Easy Quant question CFAI

a random variable with a finite number of equally likely outcomes is best described by a A binomial distribution B Bernoulli distribuition C. Discrete uniform Distribution D. Continous uniform distribution The answer is C But wouldn’t a binomial distribution fit this description as well? the binomial distribution is easily considered finite because it would be one of two outcomes and each outcome has a 50% probability of being chosen.

If you have three outcomes, the possibility would be 25%, 50%, 25%. That would not be same.

I believe, first of all, the binomial distribution doesn’t have to be 50% 50% chance. (It can be just p and 1-p.
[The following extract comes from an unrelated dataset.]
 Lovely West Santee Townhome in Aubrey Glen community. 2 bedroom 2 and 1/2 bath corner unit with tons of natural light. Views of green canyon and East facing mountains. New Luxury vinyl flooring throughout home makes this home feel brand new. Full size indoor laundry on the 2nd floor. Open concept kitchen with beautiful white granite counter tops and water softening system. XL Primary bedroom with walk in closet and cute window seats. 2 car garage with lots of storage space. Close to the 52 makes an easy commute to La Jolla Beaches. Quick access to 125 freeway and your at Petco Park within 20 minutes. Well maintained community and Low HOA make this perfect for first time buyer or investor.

Bernoulli distribution is, but even in that case, the distribution is not equal, because for example, you have 2 coin tosses, the chance of getting HH = 1/4, HT = 1/2, TT = 1/4. Please correct me if I’m wrong.
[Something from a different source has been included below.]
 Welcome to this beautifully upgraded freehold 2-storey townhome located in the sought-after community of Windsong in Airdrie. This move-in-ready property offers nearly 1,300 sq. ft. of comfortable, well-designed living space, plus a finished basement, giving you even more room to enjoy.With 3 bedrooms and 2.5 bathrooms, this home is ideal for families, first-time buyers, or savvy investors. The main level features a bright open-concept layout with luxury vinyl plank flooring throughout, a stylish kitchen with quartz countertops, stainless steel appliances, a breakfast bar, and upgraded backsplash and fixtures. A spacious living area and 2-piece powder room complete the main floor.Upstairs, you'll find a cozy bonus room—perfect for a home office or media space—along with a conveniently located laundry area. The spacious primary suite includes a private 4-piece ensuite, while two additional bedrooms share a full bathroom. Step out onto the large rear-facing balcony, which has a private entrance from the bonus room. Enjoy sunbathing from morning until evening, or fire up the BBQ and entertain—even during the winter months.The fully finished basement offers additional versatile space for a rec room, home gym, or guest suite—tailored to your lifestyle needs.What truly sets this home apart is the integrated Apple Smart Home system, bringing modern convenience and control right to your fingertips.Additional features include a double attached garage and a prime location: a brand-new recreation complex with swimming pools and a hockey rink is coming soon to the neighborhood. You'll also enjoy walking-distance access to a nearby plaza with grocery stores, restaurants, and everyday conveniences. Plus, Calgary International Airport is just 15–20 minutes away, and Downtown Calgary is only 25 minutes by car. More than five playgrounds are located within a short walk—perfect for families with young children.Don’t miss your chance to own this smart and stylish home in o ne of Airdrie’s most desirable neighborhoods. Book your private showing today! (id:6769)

Binomial outcomes do not necessarily have to have a 50% chance of being chosen. Most of the situations we are used to --> coin tossing e.g. have H,T with 50%. But there are plenty of other situations --> e.g. Economy has a chance of Going Up with a 55% probabilty, while it goes down with a 45% probability. That too is binomial, but not equally likely. So Choice C is the right one – in a discrete uniform distribution – all outcomes ARE definitely equally likely. CP

that sounds about right…thanks for clarifiying that for me…so there can be more than 2 variables in the binomial distribution.

I think you are getting confused between variables and outcomes. The one variable was result of coin toss. It had outcomes H and T with 50% probability In the other experiment Variable: Economy rise or fall. Probability: 0.6, 0.4 (or whatever). This question is talking about outcomes.